See, I don’t always make friends easily and I don’t have a lot in common with most women.
And as far as women’s issues go, I come from a generation of women who really didn’t discuss menopause, it was this big open secret that you just didn’t talk about openly, and with my Mom now gone, I had no one to tell me this stuff. At least no one close to me at the time.
But there we were, side by side at the bar, talking about hot flashes and night sweats, menopause madness and all the wonderful ass crap that my ageing body had up its sleeve.
Knowledge is power.
Anywho. We’ve connected through social media, we’ve talked about getting together, now that I’m so much closer to her, but it just hasn’t happened. I have my bicycle now, and with that freedom, I can peddle my way through the city, up through the North of London, and make my way down those country roads to Ilderton.
How they got there is really a story in itself. A story of what happens when you follow your heart.

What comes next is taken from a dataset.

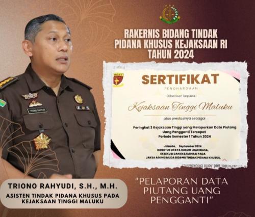 Bidang Pidana Khusus Kejati Maluku Terima Penghargaan Terbaik III

So way back in the long ago, back in England, Rich was some sort of Audio Engineer. Sorry, I’m bad with those sorts of details, but anyways some big speaker company here in Canada lured him over, and so he came to Canada. He’d been brought up in a pub back home, and even though he was well respected for his talent in his profession, inside he always I guess held onto this dream of one day running his own proper pub here in Canada.
Something honourable in that, you know, basically knowing you will work 7 days a week, hauling ass 16 or so hours a day. I mean, Rich knew what it took, he had no illusions.

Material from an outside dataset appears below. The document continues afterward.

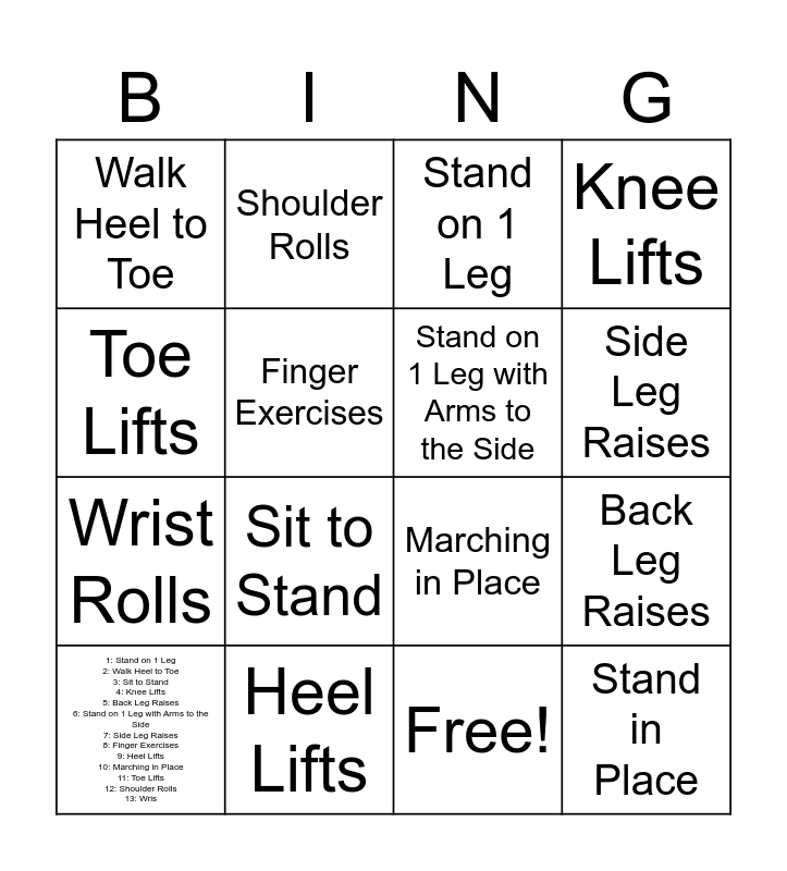 This bingo card has 17 words: Free!, 1: Stand on 1 Leg 2: Walk Heel to Toe 3: Sit to Stand 4: Knee Lifts 5: Back Leg Raises 6: Stand on 1 Leg with Arms to the Side 7: Side Leg Raises 8: Finger Exercises 9: Heel Lifts 10: Marching in Place 11: Toe Lifts 12: Shoulder Rolls 13: Wris, Stand on 1 Leg, Walk Heel to Toe, Sit to Stand, Knee Lifts, Back Leg Raises, Stand on 1 Leg with Arms to the Side, Side Leg Raises, Finger Exercises, Heel Lifts, Marching in Place, Toe Lifts, Shoulder Rolls, Wrist Rolls, Side Bends and Stand in Place.

So one day he met Deb, they married, bought a house, and life was grand. At some point, I would imagine he told her about his dream, and so they came to share it.
Out there in the wild, that dream went out into the ether, swirled around for a few years. I’ve always believed that at some point dreams, you know, the stuff that is meant for you, will not pass you by. It is like it almost takes on a life of its own, and one day some kind spirit catches wind of your dream and says “make it so“.

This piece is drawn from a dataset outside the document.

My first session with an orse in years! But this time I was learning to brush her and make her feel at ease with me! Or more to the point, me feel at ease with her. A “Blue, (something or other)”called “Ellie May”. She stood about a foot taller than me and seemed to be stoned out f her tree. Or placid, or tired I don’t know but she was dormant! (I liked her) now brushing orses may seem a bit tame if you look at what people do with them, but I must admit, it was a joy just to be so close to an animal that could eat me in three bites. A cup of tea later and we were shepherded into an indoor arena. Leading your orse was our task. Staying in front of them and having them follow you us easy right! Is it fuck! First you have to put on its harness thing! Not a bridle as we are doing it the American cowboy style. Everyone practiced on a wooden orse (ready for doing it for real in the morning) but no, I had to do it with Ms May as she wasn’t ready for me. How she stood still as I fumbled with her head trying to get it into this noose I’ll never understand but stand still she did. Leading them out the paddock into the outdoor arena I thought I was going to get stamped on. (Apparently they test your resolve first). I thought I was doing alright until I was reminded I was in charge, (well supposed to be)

Well, we all know it is never that easy, eh? Always has to be a catch. Yes, the catch. The catch is they found the place one day, the perfect place, but first, they had to sell their house.
Ah, there’s the rub. So it wasn’t selling, and it wasn’t selling, and they even went so far as to get onto one of those “we’ll redecorate your house so you can sell it” shows – which by the way, was a real hoot as Rich is, um, rather opinionated, to say the least. And with that British accent, I think Manchester, you know everything that comes out of his mouth always has that edge to it. Well, plus the fact Rich’s mind has an edge to it, it doesn’t work like yours and mine, and his level of sarcasm and complete disdain for stupid is just barely kept on its leash. I’ve been present at the places that British tongue of his can go.
Their place didn’t sell, and they lost the pub to another bidder. So that was that.
Time went by, don’t ask me how much, as those days now to me are preserved in amber and I have no sense of time.
But, like I said, what is for you will not pass you by.
Places I believe have a spirit about them, and I think sometimes they choose their owners, and so the original deal fell through, their house sold, and so the King Edward in Ilderton, Ontario, Canada came to be theirs.